I don’t have the back ground in crew that @twoinanddone does, but my guess is that some sports operate outside the NCAA at least in part because of the Title IX requirements and the interplay with the NCAA’s Dayton Rule, which basically says that if a school is going to participate in one sport at the D1 level then it must participate in D1 for all. This is particularly important with conference membership, where the conference’s rules often have provisions about level of funding for all varsity sports. And yes, there are a handful of grandfathered exceptions to that rule, Hopkins lax being a prominent one.
Practically, the way it plays out is that the Dayton Rule prohibits UCLA say from playing basketball in D1 and wrestling in D3. I don’t know but assume that the PAC 10 rules prohibit UCLA from having a nominally D1 wrestling program that does not fund scholarships either fully or at a particular level.
There was an old exception for four D3 schools playing hockey in D1. When the NCAA realigned the schools into D1/D2/D3 those 4 schools continued to play in D1 just for hockey (and Hopkins for lax?). Now there is a general rule that a D3 school can ‘play up’ in one men’s and one woman’s sport.
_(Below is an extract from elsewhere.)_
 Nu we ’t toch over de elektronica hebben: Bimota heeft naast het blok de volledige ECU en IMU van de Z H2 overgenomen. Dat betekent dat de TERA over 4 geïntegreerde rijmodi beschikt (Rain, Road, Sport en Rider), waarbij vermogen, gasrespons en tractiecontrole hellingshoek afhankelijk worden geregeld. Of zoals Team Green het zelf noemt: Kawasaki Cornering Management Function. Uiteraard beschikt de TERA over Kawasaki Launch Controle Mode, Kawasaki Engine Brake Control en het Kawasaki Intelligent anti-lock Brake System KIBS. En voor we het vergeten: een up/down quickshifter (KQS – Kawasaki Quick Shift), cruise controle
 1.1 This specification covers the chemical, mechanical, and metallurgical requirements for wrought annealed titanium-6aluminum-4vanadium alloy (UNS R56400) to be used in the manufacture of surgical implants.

To be in D1, a school has to compete in at least 14 sports, D2 in at least 10, and there are rules about number of women’s, men’s, team sports, seasons, number of games against other D1/D2 teams, etc. Some schools just can’t support that many teams so must stay in D3 or D2. If a D1 school doesn’t want to sponsor a sport, there can be a club team for that sport but not a D2 or D3 (can’t ‘play down’ a division; a few do in women’s hockey, but then they can’t compete for the championship). Texas, an enormous school, only supports 20 teams so you can see how difficult it would be for a small school to support 14 sports.
I don’t blame the men’s rowing powers for not wanting to join the NCAA. Too many rules.
@bluewater2015
You are correct! I believe 1846. A long and, as demonstrated by the last Yale-Harvard showdown, hotly contested rivalry.
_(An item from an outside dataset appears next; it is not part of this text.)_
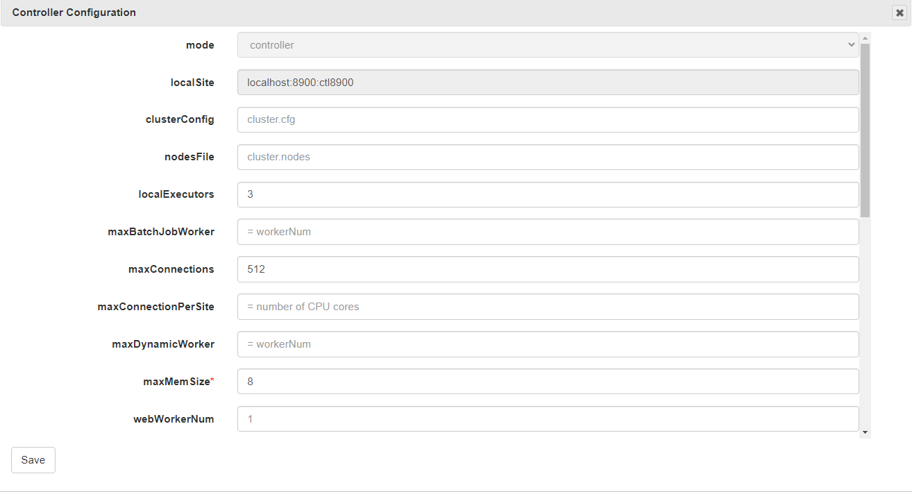 Click Controller Config to view and modify the configuration parameters for the controller, which is equivalent to modifying the controller.cfg file. Note the configuration takes effect only after the controller is rebooted.

I’d still say as far as scholarships go, rowing is a better collegiate sport for women. There have been tremendous gains made there. Just look at our Rio Ladies who took Gold!
Oh yes, and that’s true for a lot of sports - more scholarships for women to counterbalance football for Title IX. Also I believe a factor in the declining number of college wrestling programs.
Beyond that, one thing that’s interesting to me about women’s rowing is that I’ve seen some women get admissions preference and/or scholarships with little high school experience in the sport . . . it seems like the demand for tall, strong and athletic women who aren’t already tracked into basketball, volleyball etc. may exceed the supply.
Over thirty years ago I received a letter in April of my senior year of high school from the Harvard crew team coach. The letter stated that although I had no rowing expreience, the coach noted that I was 6’3" and had participated in other high school sports, and he thought I should give the Harvard crew team a shot.
The only problem? Earlier, in March, I’d received a letter from Harvard Admissions informing me that I’d been rejected. The letter from the crew coach added a bit of insult to injury.